■ EXERCISE DESCRIPTION: Across the entries below, the lines containing "para" should be counted and only their number returned.

■ EXERCISE DATA:
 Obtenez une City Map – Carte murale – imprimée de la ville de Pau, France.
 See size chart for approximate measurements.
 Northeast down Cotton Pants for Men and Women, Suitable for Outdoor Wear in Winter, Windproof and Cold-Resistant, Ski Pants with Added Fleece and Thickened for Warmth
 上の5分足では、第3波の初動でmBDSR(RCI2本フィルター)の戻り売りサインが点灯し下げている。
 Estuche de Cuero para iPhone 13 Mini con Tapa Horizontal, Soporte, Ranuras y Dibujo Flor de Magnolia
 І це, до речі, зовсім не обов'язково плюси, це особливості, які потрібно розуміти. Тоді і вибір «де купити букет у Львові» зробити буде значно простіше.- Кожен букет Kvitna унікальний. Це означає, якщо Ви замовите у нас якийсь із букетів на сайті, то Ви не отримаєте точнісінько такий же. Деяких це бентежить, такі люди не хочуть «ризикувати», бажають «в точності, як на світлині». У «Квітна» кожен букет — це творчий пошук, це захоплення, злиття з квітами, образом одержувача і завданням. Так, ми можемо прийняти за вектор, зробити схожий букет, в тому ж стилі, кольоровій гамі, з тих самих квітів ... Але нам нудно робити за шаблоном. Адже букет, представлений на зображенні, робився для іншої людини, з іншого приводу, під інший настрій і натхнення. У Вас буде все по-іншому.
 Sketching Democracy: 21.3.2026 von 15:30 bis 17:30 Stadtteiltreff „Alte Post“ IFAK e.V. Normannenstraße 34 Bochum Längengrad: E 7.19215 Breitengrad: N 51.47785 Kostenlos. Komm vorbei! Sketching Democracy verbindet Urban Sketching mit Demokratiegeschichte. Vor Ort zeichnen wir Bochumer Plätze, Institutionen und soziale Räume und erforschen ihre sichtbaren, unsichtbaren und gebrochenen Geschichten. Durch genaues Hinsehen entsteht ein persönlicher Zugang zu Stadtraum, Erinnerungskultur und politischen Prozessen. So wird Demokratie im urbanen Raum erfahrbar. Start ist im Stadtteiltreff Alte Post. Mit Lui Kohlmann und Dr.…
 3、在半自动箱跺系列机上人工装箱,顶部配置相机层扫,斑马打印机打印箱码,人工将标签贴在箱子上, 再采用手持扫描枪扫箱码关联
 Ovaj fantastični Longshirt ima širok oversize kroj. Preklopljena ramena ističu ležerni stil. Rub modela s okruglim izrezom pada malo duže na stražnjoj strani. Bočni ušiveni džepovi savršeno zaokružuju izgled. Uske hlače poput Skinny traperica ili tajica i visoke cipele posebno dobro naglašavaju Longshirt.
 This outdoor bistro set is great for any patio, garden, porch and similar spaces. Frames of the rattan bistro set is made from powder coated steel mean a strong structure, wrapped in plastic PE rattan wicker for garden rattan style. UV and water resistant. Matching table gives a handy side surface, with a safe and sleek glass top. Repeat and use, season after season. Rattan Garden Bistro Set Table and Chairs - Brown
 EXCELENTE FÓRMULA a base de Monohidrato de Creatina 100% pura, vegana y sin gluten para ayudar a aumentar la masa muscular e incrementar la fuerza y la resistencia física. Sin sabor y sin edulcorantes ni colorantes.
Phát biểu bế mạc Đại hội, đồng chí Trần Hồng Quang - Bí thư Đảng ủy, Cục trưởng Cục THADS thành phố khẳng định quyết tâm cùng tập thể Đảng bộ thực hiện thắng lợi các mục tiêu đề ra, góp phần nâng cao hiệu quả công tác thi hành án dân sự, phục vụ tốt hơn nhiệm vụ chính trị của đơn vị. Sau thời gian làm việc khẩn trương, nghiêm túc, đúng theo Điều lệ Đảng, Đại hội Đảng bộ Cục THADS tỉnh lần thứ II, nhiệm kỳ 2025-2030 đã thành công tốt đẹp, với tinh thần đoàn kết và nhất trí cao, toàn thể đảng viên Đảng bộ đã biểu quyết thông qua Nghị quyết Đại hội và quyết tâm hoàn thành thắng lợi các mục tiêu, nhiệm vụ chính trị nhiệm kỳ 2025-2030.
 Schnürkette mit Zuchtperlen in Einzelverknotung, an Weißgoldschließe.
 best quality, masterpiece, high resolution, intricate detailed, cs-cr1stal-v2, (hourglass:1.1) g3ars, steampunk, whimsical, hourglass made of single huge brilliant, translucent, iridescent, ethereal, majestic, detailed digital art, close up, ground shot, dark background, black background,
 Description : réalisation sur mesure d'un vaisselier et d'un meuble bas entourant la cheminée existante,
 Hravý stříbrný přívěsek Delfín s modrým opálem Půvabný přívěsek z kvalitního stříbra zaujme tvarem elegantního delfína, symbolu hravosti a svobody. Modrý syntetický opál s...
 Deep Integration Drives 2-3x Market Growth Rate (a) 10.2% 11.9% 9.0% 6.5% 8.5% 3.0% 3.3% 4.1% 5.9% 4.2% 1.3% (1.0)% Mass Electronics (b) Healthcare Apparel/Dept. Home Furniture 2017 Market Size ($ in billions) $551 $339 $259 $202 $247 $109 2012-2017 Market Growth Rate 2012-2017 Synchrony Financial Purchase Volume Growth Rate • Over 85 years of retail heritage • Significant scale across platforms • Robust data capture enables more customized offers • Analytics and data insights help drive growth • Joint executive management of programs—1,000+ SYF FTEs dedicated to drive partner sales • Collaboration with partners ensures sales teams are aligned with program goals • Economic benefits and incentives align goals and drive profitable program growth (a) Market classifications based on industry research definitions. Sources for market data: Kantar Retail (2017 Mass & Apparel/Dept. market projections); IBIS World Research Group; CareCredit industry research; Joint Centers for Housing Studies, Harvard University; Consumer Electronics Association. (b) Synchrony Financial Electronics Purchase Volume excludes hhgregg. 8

■ SOLUTION TO THIS TASK: 2